Hi Mark, glad to have you back in one of my threads, and indeed you are correct. I enabled the tablebases on the latest development version of Stockfish and it did find the correct first move and continuation after about an 8 minute search on my computer (but it did find the correct FIRST move after 4 minutes 43 seconds), but you have to keep in mind that most of the people here on chess.com don't have a locally installed version of the engines we have nor do they have anywhere near the hardware we have either (even though our hardware would hardly be considered top end by today's standards). The fact is that most people here don't know how to use the engines to get the most benefit out of them.

Have you tried any of the other positions in this thread?

drdos7
AmishQuilt wrote:

Get off the g d engine

HEY! You can't say that! grinevil

Arisktotle
EndgameEnthusiast2357 wrote:

Stockfish solves this one instantly, but this site's browser based version says it's a draw:

Yes, it appears to say that but something is awfully misprogrammed here - either in chess.com or in SF or in both. Just play a bit with the number of display lines, like change it to 5. Instead you can also play 1.h8=N which changes nothing but if you also give 1. .. g3 later (the only legal move!!!!) it will give you the mate straight away. Other things might help as well like changing the engine to Komodo and then back or setting the number of lines to 1 (but not straight away).

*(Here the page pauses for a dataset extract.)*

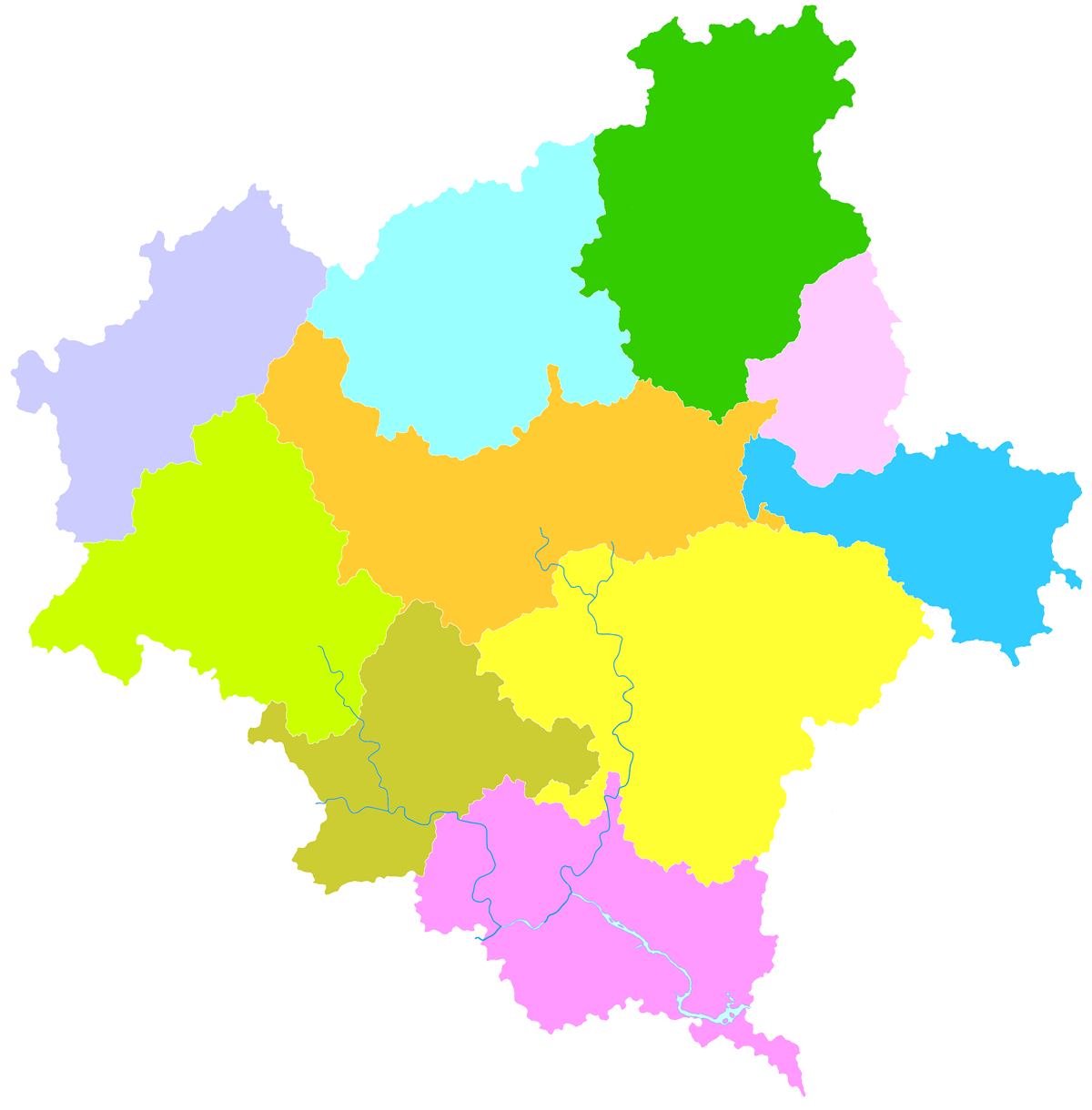 administrative division of Nanping City, Fujian, China

The point is here that - as I said - some moron programmers are involved here and what they did listens to no logic. What effectively happened is that the engine is frozen into some initial lines - all ending in stalemate - and refusing to continue in other move options (1. h8=N is not in the initial 3) so you have to give it a 5000V jolt! Btw, I suspect SF already found the mate but refuses to include it in the display lines.

Don't believe anybody trying to sell you anything else regarding initial moves or lines or engine methods. It's all nonsense. These are immense programming errors and somebody should be shot for them! I know. I was the best tester in the house while I was still employed.

EndgameEnthusiast2357

Well it's certainly not a horizon issue, as this forced mate in 17 or 19 move endgame it solves after analyzing for a minute:

Arisktotle
EndgameEnthusiast2357 wrote:

Well it's certainly not a horizon issue, as this forced mate in 17 or 19 move endgame it solves after analyzing for a minute:

It's mad programmers, believe me! Or better, test it as I prescribed.

Btw, that applies to your diagram and probably many "similars" which appear simple. Not to the drdos7 diagrams which I haven't tested for this behaviour!

MARattigan
EndgameEnthusiast2357 wrote:

Well it's certainly not a horizon issue, as this forced mate in 17 or 19 move endgame it solves after analyzing for a minute:

SF will play any mate in KNNKP of depth <= 33-38 moves (depending on SF version) with the pawn on the 6th. or 7th. ranks perfectly (if not necessarily accurately) with just a few seconds think time. 39 it can't do with any reasonable think time.

It takes about 40 minutes on my system before it starts announcing mate in 38 (SF 15.1 onwards) but you don't seem to be able to rely on such announcements corresponding to a complete analysis.